• _DATA SEGMENT_
....

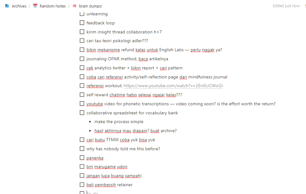p.s. jujur agak malu nunjukkin halaman brain dump di tweet pertama, soalnya isinya se-random itu :")
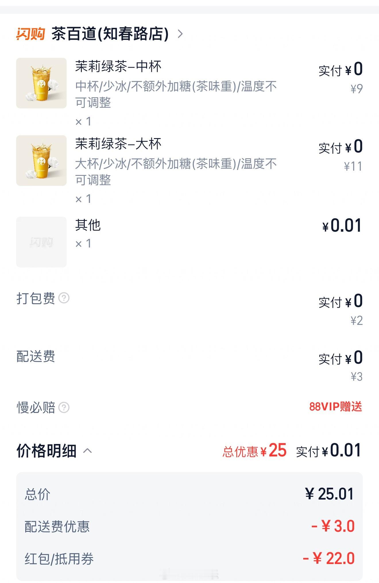 感谢淘宝闪购和千问让我晚上喝到了免费茶饮料,我们家附近奶茶店都卖空了,
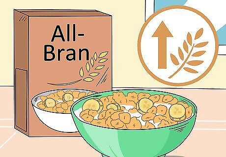 Choose a high-fiber breakfast cereal. If you normally start your day with a bowl of dry cereal, switching to a high-fiber brand is a good way to get more fiber at breakfast. There are many cereal brands, such as All-Bran and Fiber-One, that focus primarily on being a healthy source of fiber. Try to avoid cereals with too much refined sugar or artificial ingredients. If you normally eat Corn Flakes, for example, you can switch to Bran Flakes and add 6 grams of fiber to your breakfast. Aim for a cereal with high bran content, or stick with your favorite cereal and simply mix in a few tablespoons of unprocessed wheat bran with it each morning.

....

• _EXERCISE DETAILS_
Skipping any pictures, transcribe the full listing exactly.

• _ANSWER BOX_
p.s. jujur agak malu nunjukkin halaman brain dump di tweet pertama, soalnya isinya se-random itu :")
 感谢淘宝闪购和千问让我晚上喝到了免费茶饮料,我们家附近奶茶店都卖空了,
 Choose a high-fiber breakfast cereal. If you normally start your day with a bowl of dry cereal, switching to a high-fiber brand is a good way to get more fiber at breakfast. There are many cereal brands, such as All-Bran and Fiber-One, that focus primarily on being a healthy source of fiber. Try to avoid cereals with too much refined sugar or artificial ingredients. If you normally eat Corn Flakes, for example, you can switch to Bran Flakes and add 6 grams of fiber to your breakfast. Aim for a cereal with high bran content, or stick with your favorite cereal and simply mix in a few tablespoons of unprocessed wheat bran with it each morning.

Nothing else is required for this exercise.